If m_squared is less than num, adjust left to m + 1 to search the right half.
If m_squared is greater than num, adjust right to m - 1 to search the left half.
Return False if no perfect square is found.

Code Solution

class Solution:
    def isPerfectSquare(self, num: int) -> bool:
        l = 1
        r = num

        while l <= r:
            m = (l+r) // 2
            m_squared = m * m

            if num == m_squared:
                return True
            elif m_squared < num:
                l = m + 1
            else:
                r = m - 1
        
        return False # Time: O(log n), Space: O(1)

class Solution {
public:
    bool isPerfectSquare(int num) {
        long l = 1; // Use long to prevent overflow
        long r = num;

        while (l <= r) {
            long m = (l + r) / 2;
            long mSquared = m * m;

            if (num == mSquared) {
                return true;
            } else if (mSquared < num) {
                l = m + 1;
            } else {
                r = m - 1;
            }
        }

        return false;
    }
};

public class Solution {
    public boolean isPerfectSquare(int num) {
        int l = 1;
        int r = num;

        while (l <= r) {
            int m = (l + r) / 2;
            long mSquared = (long) m * m; // Use long to prevent overflow

            if (num == mSquared) {
                return true;
            } else if (mSquared < num) {
                l = m + 1;
            } else {
                r = m - 1;
            }
        }

        return false;
    }
}

var isPerfectSquare = function(num) {
    let l = 1;
    let r = num;

    while (l <= r) {
        let m = Math.floor((l + r) / 2);
        let mSquared = m * m;

        if (num === mSquared) {
            return true;
        } else if (mSquared < num) {
            l = m + 1;
        } else {
            r = m - 1;
        }
    }

    return false;
};

Detailed Explanation

Understanding the Problem: Valid Perfect Square

The “Valid Perfect Square” problem asks whether a given positive integer num is a perfect square. In other words, we need to determine if there exists an integer x such that x * x == num.

Example:

num = 16 → Output: true (since 4 * 4 = 16)
num = 14 → Output: false

Why This Problem Matters

This problem helps you practice binary search in a mathematical context, reinforcing how to apply divide-and-conquer techniques outside of traditional array-based problems. It also encourages thinking about precision, overflow, and integer arithmetic.
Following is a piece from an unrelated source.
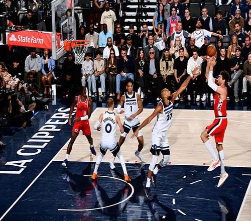 在此前的一場NBA常規(guī)賽中,明尼蘇達(dá)森林狼以94比88戰(zhàn)勝了主場作戰(zhàn)的洛杉磯快船。本場比賽后,拿下了兩連勝的森林狼的戰(zhàn)績提升到了37勝23負(fù),繼續(xù)排名西部第5位,與身前的丹佛掘金的勝場差為半場,與身后的洛杉磯湖人的勝場差為兩場;而遭遇了3連敗的快船的戰(zhàn)績則是下滑到了27勝31負(fù),繼續(xù)排名西部第10位,與身前的開拓者的勝場差為1場,與身后的孟菲斯灰熊的勝場差為5.5場。

Optimal Approach: Binary Search Over the Range of Integers

Since the square root of num must lie between 1 and num (inclusive), we can use binary search to check if there exists an integer whose square equals num. Instead of checking every integer sequentially, we divide the range in half with each step.

Steps:

Initialize two pointers: left = 1 and right = num.
While left <= right:
- Compute the midpoint: mid = Math.floor((left + right) / 2).
- Calculate mid * mid.
- If mid * mid == num, return true.
- If mid * mid < num, the square is too small → move left = mid + 1.
- If mid * mid > num, the square is too large → move right = mid - 1.
If the loop ends with no match, return false.

Example Walkthrough

Input: num = 25

left = 1, right = 25 → mid = 13 → 13² = 169 → too big → right = 12
mid = 6 → 6² = 36 → too big → right = 5
mid = 3 → 3² = 9 → too small → left = 4
mid = 4 → 4² = 16 → too small → left = 5
mid = 5 → 5² = 25 → match found → return true

Time and Space Complexity

Time Complexity: O(log n), because we divide the range of possible answers by 2 in each step.
Space Complexity: O(1), using only constant extra memory.

Edge Cases to Consider

num = 1 → should return true
num = 0 → problem typically restricts to positive integers, but should handle gracefully
Large numbers → avoid integer overflow by using long integers or safe arithmetic in your language

Conclusion

The “Valid Perfect Square” problem is a great demonstration of how binary search can be applied to numerical properties rather than sorted data structures. This technique is both time-efficient and elegant, making it ideal for problems where brute-force iteration is too slow.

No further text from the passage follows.